En ce qui a trait au climat de sécurité, la Figure 2 permet de constater une différence marquée entre les données collectées dans la présente recherche et celles collectées lors de la validation. Un rapport du groupe de recherche SÉVEQ (Beaumont et al., 2018) qui concerne plus de 6300 élèves de la quatrième à la sixième année du primaire soulève que 16,1 % d’entre eux se font insulter verbalement et que 7,4 % se font bousculer intentionnellement. Les données collectées dans ce projet dépassent largement ces seuils. En effet, dans le cas présent, 61 % des élèves perçoivent le climat de sécurité de leur classe comme négatif ou très négatif. Rappelons que le climat de sécurité renvoie à la peur de se faire voler, de se faire intimider et de se faire faire mal physiquement.
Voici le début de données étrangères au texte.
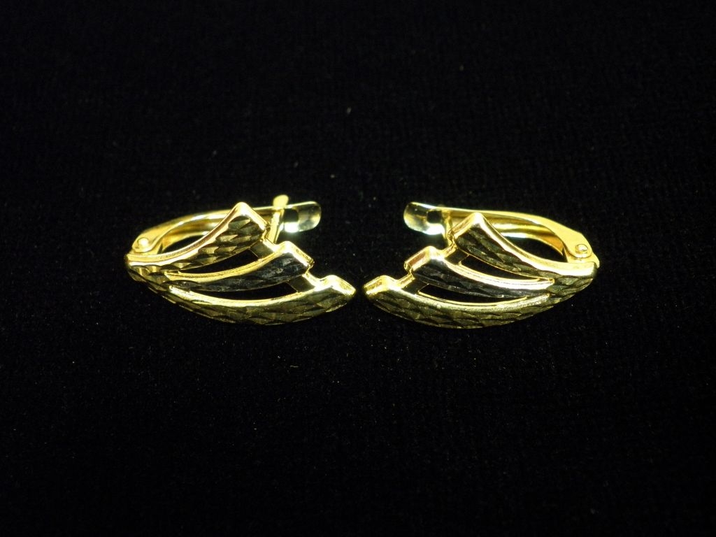 Златни обеци гравирани с английско закопчаване
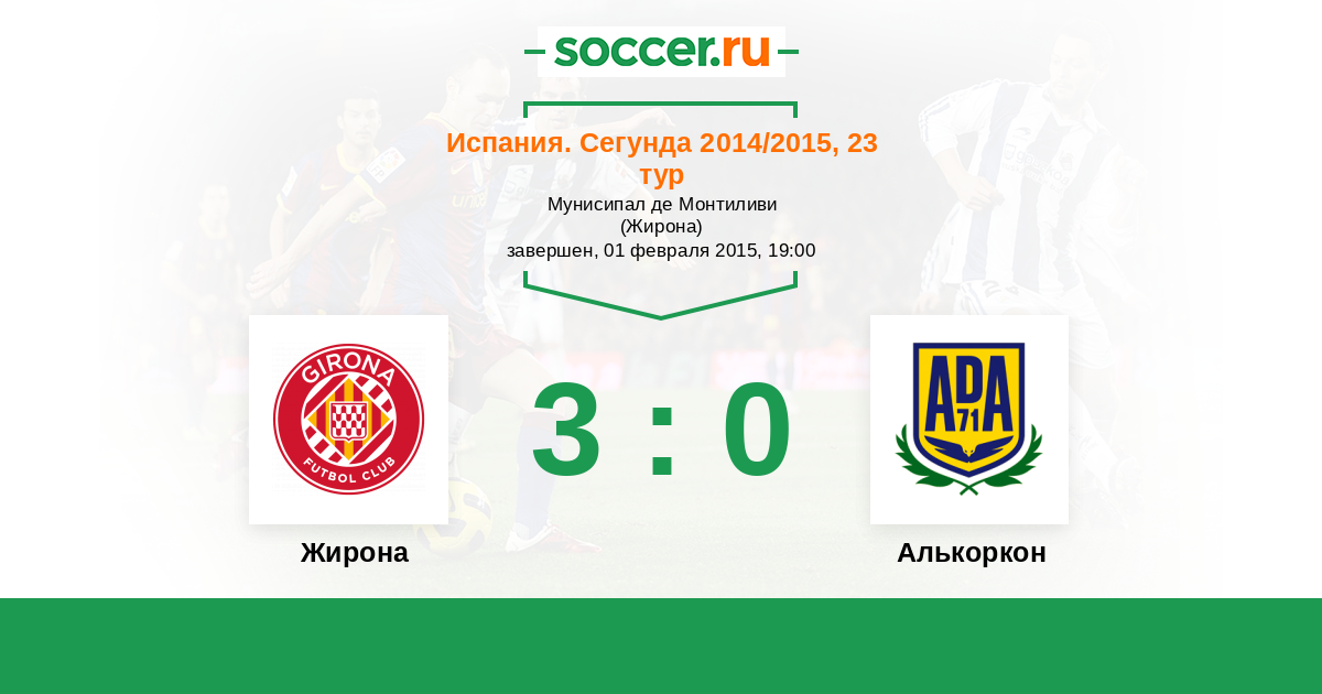 Испания. Сегунда 30.03.2014 Жирона Логотип футбольный клуб Жирона 3:1 Логотип футбольный клуб Алькоркон Алькоркон

Bowen et Desbiens (2011) estiment que la perception du climat de sécurité dépend de l’influence des facteurs liés à l’élève ainsi que de ses environnements scolaire, social et familial. Dans le cadre d’une recension intégrative des écrits portant sur les effets de ces différents facteurs sur le climat de sécurité, Berkowitz et al. (2016) concluent que les interventions pratiquées par le personnel scolaire influencent grandement l’apparition, le maintien et la disparition des comportements d’agression. À l’instar de Beaumont et al. (2018), Pitre (2019) constate que la pratique d’intervention préventive dans les écoles québécoises diminue actuellement alors que les enjeux liés au climat de sécurité sont encore présents. À cet effet, Khoury-Kassabri (2009) rapporte que 70 % des élèves estiment que les personnes enseignantes, lorsqu’elles sont témoins d’événements agressifs entre des élèves, punissent les deux sans tenter de comprendre l’élément déclencheur de la situation.

De plus, la différence significative ressortie lors des analyses comparatives sur la perception des filles et des garçons trouve aussi écho dans certains écrits récents (Carpentier et al., 2022a). Au secondaire, les filles affirment être victimes plus fréquemment d’agressions verbales alors que les garçons déclarent être davantage victimes d’agressions physiques. Lorsque l’on aborde les différences de genre quant à la perception du climat de sécurité, une tendance lourde selon laquelle les garçons subissent davantage de mauvais traitements par le personnel éducatif que les filles est constatée (Lee, 2015 ; Longobardi et al., 2015 ; Theoklitou et al., 2012). Dans ce même ordre d’idée, les élèves victimes et auteurs d’intimidation sont les plus à risque de subir de mauvais traitement de la part du personnel scolaire suivis des élèves intimidateurs et des élèves victimes. Dans le cadre de la présente recherche, il n’y avait aucune différence selon les niveaux scolaires et les élèves de l’éducation préscolaire et du premier cycle du primaire percevaient un climat de sécurité aussi négatif que les élèves du deuxième et du troisième cycle du primaire.

Conclusion

Les données collectées sur la perception de l’environnement sociopédagogique de douze classes d’une même école primaire montrent des enjeux importants liés au climat évaluatif ainsi qu’au climat de sécurité. Cette première collecte, au tout début du projet, a permis à l’équipe interprofessionnelle mobilisée dans le cadre de cette recherche collaborative de faire rapidement des choix pour tenter d’influencer positivement ces deux climats. Des collectes de données subséquentes, à l’aide des mêmes questionnaires, durant la deuxième et la troisième année du projet, permettront de mesurer les effets des changements mis en place. Présenter de telles données à une nouvelle équipe de recherche nécessite des réflexions préalables afin de maintenir un engagement et des relations positives entre les personnes du milieu de la pratique et les personnes du milieu de la recherche. Plusieurs réflexions, notamment sur la temporalité, les modalités de formation, la posture d’accompagnement et les connaissances pratiques et théoriques, ont été nécessaires pour guider la manière dont les données allaient être présentées aux personnes participantes afin de maintenir le lien de confiance. Ces réflexions doivent être au coeur de la démarche des personnes chercheuses s’engageant dans une recherche collaborative et feront l’objet d’un prochain article.